🇺🇿 Uzbekistan · White Wolves

I Walked the Silk Road for Seven Days and Discovered Marco Polo Left a Lot Out

Searching for modern answers on an ancient trade route

Samarkand's Registan Square at 6:45 in the evening turns into a shade of gold you have never seen before. The blue tiles of the three madrasas wake from the cool geometry of Islam and begin to absorb the dying heat of the sun. An old man selling pomegranate juice told me in halting English: 'This place was a debating ground six hundred years ago — students from all three madrasas arguing in the square. Theology, astronomy, mathematics, anything.' Then he added salt to my cup and said: 'Drink it. Pomegranate juice without sugar — that's how you taste the Silk Road.'

He was right. Unsweetened pomegranate juice has a sharp acidity, like the aftertaste of everything on this land that is fading. And my question was this: what actually remains of the Silk Road?

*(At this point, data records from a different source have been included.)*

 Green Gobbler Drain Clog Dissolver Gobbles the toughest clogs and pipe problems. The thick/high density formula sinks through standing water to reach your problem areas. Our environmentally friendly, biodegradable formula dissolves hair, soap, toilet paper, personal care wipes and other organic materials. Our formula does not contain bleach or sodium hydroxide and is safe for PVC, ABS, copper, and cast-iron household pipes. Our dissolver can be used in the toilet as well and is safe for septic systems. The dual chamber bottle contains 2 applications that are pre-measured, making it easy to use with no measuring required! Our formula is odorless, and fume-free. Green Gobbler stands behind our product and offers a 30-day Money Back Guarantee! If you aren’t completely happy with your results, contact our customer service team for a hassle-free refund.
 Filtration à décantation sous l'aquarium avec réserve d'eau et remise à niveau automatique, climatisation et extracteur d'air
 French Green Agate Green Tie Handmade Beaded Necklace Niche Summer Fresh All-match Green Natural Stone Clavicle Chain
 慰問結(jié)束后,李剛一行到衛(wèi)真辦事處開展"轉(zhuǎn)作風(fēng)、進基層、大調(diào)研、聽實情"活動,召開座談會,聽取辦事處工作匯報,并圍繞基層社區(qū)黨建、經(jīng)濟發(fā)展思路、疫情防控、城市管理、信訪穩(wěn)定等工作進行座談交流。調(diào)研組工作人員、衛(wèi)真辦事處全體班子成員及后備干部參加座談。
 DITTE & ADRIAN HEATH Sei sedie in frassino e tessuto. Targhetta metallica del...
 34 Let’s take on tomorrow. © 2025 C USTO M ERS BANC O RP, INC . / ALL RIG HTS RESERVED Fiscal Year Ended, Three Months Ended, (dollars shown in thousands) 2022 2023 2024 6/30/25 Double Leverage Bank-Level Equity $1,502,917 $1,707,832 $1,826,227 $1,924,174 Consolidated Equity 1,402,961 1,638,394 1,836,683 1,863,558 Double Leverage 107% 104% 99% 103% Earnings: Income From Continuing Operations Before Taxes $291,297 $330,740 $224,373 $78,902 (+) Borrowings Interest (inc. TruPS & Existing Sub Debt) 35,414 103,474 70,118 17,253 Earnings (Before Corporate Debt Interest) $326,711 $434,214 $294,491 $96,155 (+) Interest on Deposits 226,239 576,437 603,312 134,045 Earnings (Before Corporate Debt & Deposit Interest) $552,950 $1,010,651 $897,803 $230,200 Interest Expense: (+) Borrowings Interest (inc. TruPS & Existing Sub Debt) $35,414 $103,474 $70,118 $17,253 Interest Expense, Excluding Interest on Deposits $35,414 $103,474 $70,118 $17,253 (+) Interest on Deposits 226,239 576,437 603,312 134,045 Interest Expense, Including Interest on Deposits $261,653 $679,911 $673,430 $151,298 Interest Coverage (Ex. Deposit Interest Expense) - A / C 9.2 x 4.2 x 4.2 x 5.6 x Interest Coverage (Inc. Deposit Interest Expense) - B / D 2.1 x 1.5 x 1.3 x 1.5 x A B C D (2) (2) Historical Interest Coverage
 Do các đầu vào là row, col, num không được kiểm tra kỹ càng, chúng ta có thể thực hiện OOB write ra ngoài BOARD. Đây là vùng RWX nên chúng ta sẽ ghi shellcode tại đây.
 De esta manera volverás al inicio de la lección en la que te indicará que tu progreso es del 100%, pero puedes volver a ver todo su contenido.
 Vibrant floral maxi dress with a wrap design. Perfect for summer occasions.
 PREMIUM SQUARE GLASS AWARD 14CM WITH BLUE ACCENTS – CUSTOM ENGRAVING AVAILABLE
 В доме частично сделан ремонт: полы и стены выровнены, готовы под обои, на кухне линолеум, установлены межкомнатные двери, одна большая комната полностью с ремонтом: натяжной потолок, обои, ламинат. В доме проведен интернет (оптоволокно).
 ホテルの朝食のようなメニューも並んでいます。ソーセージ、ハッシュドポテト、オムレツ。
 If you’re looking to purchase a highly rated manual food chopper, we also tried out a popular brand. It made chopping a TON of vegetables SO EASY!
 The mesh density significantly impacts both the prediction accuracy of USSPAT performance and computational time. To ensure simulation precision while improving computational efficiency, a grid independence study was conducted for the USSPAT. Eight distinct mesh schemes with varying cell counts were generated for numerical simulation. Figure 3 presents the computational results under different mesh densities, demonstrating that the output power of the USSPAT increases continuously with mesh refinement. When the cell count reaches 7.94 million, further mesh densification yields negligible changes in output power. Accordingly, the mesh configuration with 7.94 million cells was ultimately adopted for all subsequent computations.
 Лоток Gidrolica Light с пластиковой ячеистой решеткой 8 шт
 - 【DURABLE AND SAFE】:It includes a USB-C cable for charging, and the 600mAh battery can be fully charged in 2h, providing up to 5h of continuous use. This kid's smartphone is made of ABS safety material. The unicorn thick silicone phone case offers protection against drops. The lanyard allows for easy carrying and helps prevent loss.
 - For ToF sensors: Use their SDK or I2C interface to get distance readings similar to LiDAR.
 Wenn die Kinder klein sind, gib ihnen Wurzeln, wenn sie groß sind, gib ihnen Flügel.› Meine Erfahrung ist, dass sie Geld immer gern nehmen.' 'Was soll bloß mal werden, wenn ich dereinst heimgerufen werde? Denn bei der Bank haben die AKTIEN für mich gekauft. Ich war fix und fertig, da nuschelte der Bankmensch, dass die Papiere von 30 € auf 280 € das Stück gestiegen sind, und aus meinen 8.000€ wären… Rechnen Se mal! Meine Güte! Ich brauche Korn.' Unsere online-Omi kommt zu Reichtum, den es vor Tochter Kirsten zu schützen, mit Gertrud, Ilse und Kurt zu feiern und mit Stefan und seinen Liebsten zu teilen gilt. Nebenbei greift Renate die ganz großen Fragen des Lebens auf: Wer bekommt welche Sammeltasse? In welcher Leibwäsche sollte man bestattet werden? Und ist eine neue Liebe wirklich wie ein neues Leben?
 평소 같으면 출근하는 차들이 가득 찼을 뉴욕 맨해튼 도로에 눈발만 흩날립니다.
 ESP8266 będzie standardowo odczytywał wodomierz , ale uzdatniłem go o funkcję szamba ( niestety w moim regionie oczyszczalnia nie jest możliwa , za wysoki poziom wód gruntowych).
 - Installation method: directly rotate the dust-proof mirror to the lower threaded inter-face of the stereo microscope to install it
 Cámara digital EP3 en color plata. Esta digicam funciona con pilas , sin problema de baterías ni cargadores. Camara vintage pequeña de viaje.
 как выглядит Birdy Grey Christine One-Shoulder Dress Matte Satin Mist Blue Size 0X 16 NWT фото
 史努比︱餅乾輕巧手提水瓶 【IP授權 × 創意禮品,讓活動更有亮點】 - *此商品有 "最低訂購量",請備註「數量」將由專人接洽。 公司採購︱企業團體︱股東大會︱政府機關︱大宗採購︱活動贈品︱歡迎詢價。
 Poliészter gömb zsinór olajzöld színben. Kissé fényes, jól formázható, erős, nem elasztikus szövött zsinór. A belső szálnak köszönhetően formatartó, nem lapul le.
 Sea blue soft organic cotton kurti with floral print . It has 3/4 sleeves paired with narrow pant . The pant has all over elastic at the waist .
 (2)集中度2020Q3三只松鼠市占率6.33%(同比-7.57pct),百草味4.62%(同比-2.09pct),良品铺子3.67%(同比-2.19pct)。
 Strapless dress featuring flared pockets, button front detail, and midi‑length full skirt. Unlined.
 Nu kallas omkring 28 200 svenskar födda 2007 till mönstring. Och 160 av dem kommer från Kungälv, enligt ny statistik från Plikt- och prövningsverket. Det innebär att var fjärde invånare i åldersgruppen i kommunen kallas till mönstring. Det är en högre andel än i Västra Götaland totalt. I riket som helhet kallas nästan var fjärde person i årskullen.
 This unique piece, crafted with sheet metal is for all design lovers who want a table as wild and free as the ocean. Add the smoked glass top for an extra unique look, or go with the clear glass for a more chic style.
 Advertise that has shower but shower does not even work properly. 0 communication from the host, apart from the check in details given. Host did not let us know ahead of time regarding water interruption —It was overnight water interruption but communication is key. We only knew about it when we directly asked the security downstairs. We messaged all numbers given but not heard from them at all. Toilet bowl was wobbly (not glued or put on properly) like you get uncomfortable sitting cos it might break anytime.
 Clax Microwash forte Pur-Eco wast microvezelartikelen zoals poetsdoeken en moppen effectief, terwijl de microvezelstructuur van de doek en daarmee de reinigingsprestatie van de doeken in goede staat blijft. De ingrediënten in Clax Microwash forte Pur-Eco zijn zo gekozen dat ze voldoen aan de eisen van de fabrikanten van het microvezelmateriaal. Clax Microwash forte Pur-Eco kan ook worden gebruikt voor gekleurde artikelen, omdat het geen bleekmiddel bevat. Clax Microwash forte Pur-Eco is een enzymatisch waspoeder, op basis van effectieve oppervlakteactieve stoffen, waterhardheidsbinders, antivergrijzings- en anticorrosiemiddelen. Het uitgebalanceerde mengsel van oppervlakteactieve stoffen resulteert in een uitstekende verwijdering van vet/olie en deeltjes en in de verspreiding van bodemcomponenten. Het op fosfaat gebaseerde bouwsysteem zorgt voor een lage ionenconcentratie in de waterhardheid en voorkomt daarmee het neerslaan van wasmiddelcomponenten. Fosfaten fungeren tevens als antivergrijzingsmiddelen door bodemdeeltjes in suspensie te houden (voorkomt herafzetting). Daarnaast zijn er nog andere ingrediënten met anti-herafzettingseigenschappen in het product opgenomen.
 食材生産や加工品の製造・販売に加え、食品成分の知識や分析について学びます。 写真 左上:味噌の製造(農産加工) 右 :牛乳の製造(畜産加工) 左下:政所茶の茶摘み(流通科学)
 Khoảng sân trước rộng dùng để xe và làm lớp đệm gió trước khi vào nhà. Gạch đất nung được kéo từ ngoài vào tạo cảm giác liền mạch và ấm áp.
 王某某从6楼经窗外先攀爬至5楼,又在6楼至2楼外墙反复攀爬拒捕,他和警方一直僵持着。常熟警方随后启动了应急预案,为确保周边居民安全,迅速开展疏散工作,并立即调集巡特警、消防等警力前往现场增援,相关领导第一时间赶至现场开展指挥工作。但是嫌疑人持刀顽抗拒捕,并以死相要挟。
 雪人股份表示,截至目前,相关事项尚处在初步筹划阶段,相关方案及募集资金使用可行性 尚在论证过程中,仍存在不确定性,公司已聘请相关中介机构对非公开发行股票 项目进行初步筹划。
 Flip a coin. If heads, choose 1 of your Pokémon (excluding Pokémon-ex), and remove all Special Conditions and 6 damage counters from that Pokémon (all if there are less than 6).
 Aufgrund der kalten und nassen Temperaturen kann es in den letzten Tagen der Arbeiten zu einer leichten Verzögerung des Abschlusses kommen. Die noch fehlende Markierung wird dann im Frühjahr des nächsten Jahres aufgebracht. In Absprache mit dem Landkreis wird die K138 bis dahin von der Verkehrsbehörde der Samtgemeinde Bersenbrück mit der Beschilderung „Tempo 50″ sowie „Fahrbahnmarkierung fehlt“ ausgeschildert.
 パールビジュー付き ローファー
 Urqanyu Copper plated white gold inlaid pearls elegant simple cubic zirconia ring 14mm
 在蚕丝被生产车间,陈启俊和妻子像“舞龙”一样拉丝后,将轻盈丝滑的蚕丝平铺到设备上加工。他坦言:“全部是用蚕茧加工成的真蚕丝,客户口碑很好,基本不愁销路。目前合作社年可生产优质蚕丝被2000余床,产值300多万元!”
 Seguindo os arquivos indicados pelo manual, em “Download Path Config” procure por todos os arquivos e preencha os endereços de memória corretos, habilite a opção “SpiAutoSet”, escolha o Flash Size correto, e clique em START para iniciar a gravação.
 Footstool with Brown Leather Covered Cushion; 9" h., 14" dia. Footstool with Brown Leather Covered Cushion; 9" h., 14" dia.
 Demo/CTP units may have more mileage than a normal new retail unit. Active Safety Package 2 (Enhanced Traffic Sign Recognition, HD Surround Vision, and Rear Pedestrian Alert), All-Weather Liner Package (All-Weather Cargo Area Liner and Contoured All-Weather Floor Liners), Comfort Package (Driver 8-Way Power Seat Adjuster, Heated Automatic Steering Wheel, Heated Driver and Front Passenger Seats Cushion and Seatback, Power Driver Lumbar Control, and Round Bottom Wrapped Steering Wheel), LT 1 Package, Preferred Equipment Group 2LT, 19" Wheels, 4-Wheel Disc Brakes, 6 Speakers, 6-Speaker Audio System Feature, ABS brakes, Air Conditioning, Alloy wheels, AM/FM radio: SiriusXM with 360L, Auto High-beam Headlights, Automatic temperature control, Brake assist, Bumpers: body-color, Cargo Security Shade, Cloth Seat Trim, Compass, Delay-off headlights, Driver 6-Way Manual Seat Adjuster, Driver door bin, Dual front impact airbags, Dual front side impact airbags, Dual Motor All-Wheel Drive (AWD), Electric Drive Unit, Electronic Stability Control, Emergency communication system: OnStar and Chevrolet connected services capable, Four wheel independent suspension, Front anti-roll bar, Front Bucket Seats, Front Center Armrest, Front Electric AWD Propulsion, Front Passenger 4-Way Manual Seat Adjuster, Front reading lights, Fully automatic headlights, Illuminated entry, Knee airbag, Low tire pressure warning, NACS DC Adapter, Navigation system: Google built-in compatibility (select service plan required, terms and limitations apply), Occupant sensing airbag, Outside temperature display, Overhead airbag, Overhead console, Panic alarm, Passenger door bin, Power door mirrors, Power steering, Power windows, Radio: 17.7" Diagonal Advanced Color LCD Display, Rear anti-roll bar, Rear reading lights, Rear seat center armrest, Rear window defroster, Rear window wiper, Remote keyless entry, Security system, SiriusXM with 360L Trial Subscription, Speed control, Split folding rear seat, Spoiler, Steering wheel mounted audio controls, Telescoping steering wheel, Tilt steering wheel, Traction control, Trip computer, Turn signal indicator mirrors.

Uzbekistan - Registan Square
Uzbekistan · Registan Square

Uzbekistan has a population of over 36 million, the most populous country in Central Asia, and one of only two doubly landlocked nations on Earth (the other being Liechtenstein). For a country sealed in by land on all sides, the Silk Road is not just history — it is the loudest proof this nation ever had of its existence in the world. In 2026, the White Wolves — Uzbekistan's national team — will appear on the World Cup stage for the first time. For many football fans, this will be the first time they ever search 'where is Uzbekistan.'

Day one belonged to Tashkent. The Tashkent metro is not merely a transit system — it is the strangest legacy the Soviet Union left in Uzbekistan. Every station is an independent artwork: the dome of Alisher Navoi station depicts Central Asian poets in mosaic; the walls of Kosmonavtlar station pay tribute to everyone from Yuri Gagarin to Uzbek cosmonauts. A metro security officer saw my foreign face, raised an eyebrow, and waved me through — locals pay, foreigners free, an unwritten rule of Tashkent.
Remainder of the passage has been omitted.